Aim of the exercise
All lines below starting at the one that holds "Деньгимигом, микрокредитная компания" and ending at the one that holds "Студенти Іванов Владислав, Рижий" should be printed exactly, ends included. Pictures should not be printed, nor anything else.
-- Material provided follows --
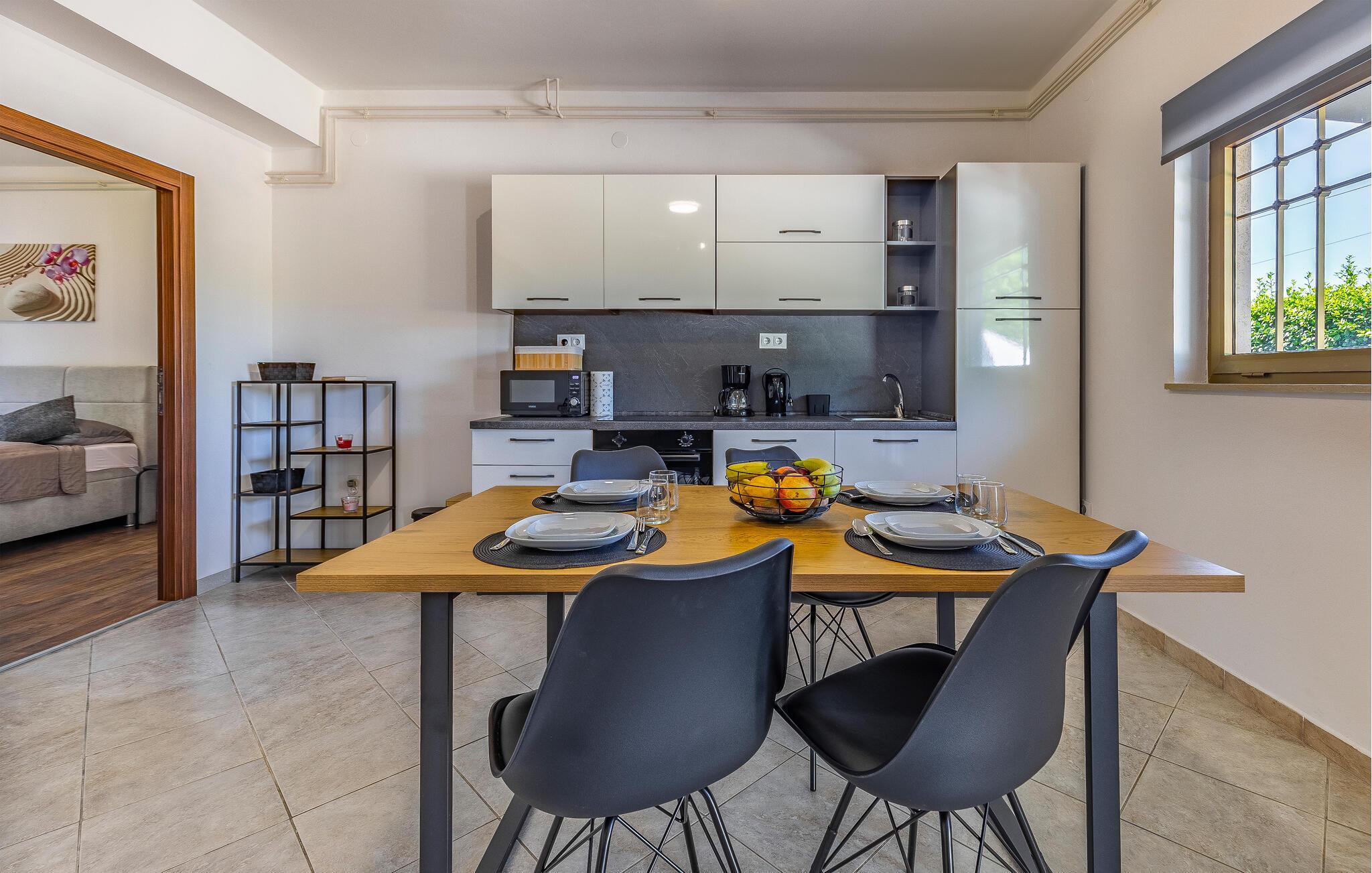 Gå udenfor om morgenen og begynd dagene med en solid morgenmad. Nyd havens grønne omgivelser og den middelhavsagtige atmosfære, der omgiver jer. Om aftenen kan I tilberede lækre måltider på grillen og hælde jer selv en fin kroatisk vin op.
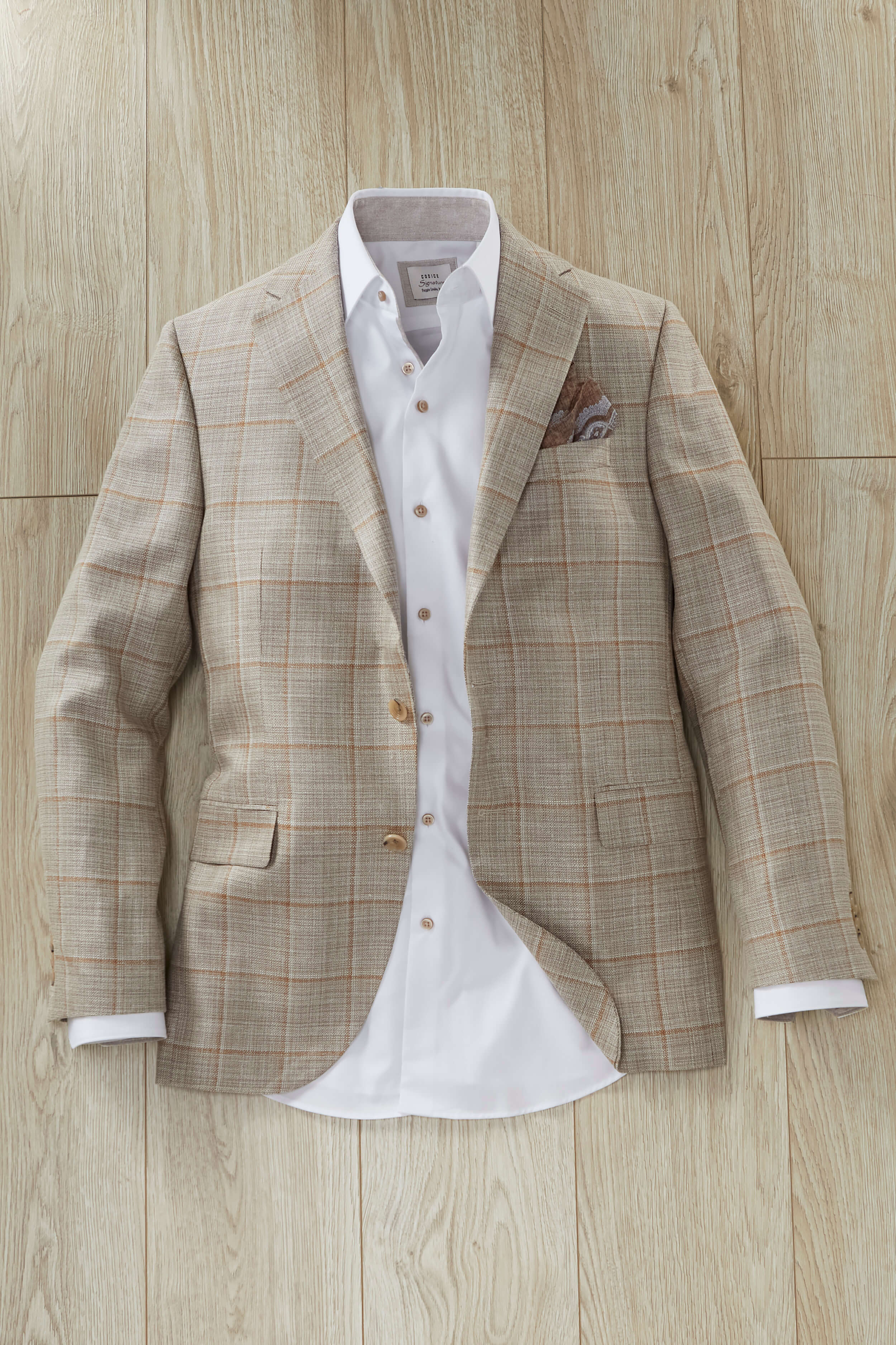Luxurious, linen-look from the Italian mill Loro Piana. Two buttons, side vents, flap pockets, full lining.
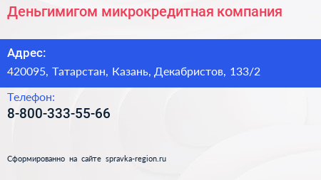 Деньгимигом, микрокредитная компания по адресу 420095, Татарстан, Казань, Декабристов, 133/2 в дальнейшем Организация, размещена в следующих категориях:
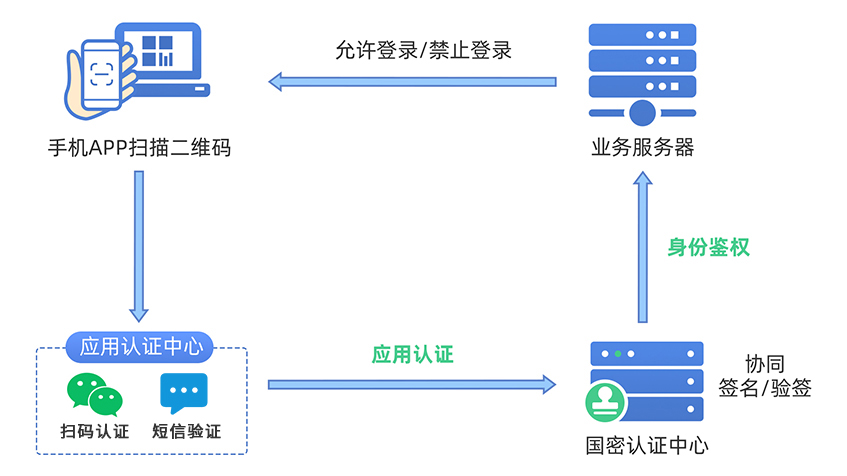 支持短信或掃碼結合協同簽名的身份認證、支持基于USBKEY的數字證書身份認證
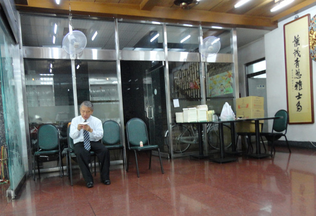 那天在等便當時,現場還有一位老闆在吃飯糰。
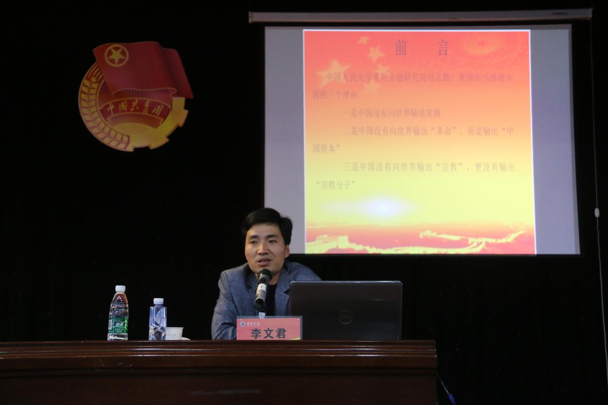 4月13日,上午八点,校党委统战部部长王林以法治思维的养成为主题,以社会主义法治体系为切入,详细论述了法治思维在当今中国的重要性,以及青年掌握法治思维的必要性,王林部长强调“法治思维是基于法治的固有特性和对法治的信念来认识事物,判断和解决问题的重要思维方式,法治思维的培养对扣好人生的第一颗扣子有重要现实意义”。随后,马克思主义学院张居正老师以中美贸易摩擦以切入点,介绍了国际上的风云变幻和中国的建设成就,准确理性的分析了中美贸易关系由互补到竞争的转变,张居正老师警示同学们,要有强烈的忧患意识,革命没有结束,我们仍需奋斗。
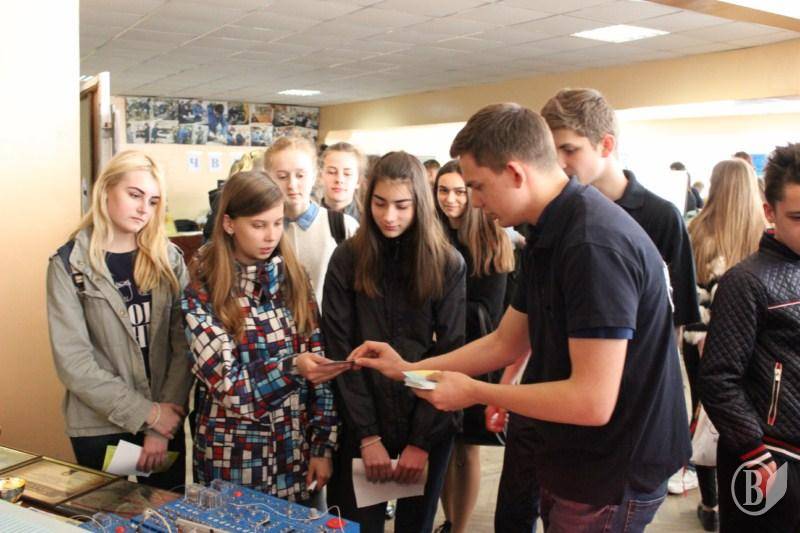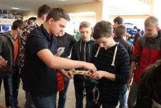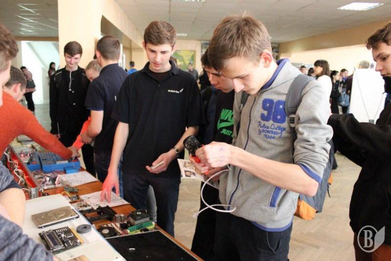 Студенти Іванов Владислав, Рижий Дмитро (гр. ПС-1401), Петрушевець Євгенія (гр. КС-1407) продемонстрували зацікавленим школярам набуті під час навчання в коледжі професійні вміння та навички.
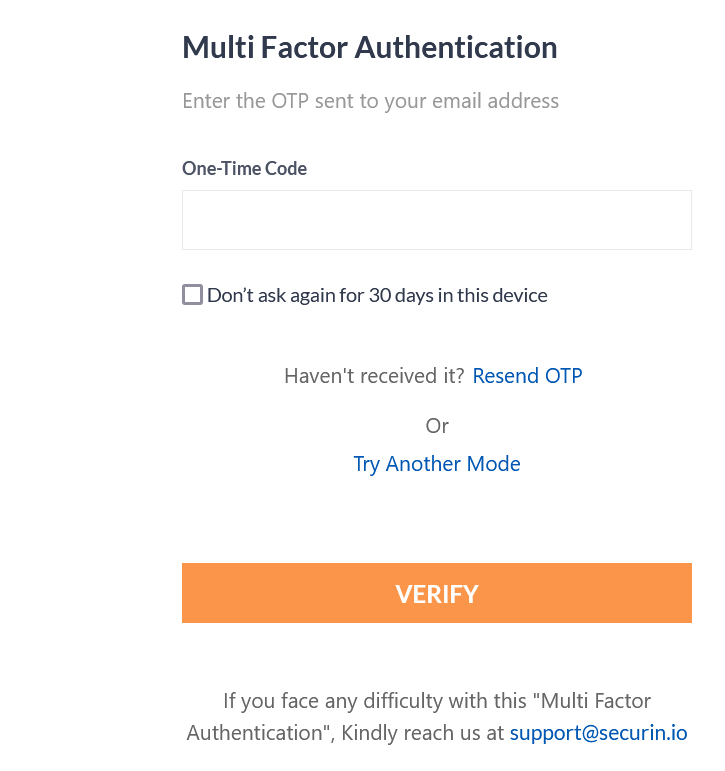 Multi-factor authentication (MFA) has been enabled while logging into the Securin platform to ensure that only authorized persons access the platform.
-- Material provided concluded --
Task result
 Деньгимигом, микрокредитная компания по адресу 420095, Татарстан, Казань, Декабристов, 133/2 в дальнейшем Организация, размещена в следующих категориях:
 支持短信或掃碼結合協同簽名的身份認證、支持基于USBKEY的數字證書身份認證
 那天在等便當時,現場還有一位老闆在吃飯糰。
 4月13日,上午八点,校党委统战部部长王林以法治思维的养成为主题,以社会主义法治体系为切入,详细论述了法治思维在当今中国的重要性,以及青年掌握法治思维的必要性,王林部长强调“法治思维是基于法治的固有特性和对法治的信念来认识事物,判断和解决问题的重要思维方式,法治思维的培养对扣好人生的第一颗扣子有重要现实意义”。随后,马克思主义学院张居正老师以中美贸易摩擦以切入点,介绍了国际上的风云变幻和中国的建设成就,准确理性的分析了中美贸易关系由互补到竞争的转变,张居正老师警示同学们,要有强烈的忧患意识,革命没有结束,我们仍需奋斗。
 Студенти Іванов Владислав, Рижий Дмитро (гр. ПС-1401), Петрушевець Євгенія (гр. КС-1407) продемонстрували зацікавленим школярам набуті під час навчання в коледжі професійні вміння та навички.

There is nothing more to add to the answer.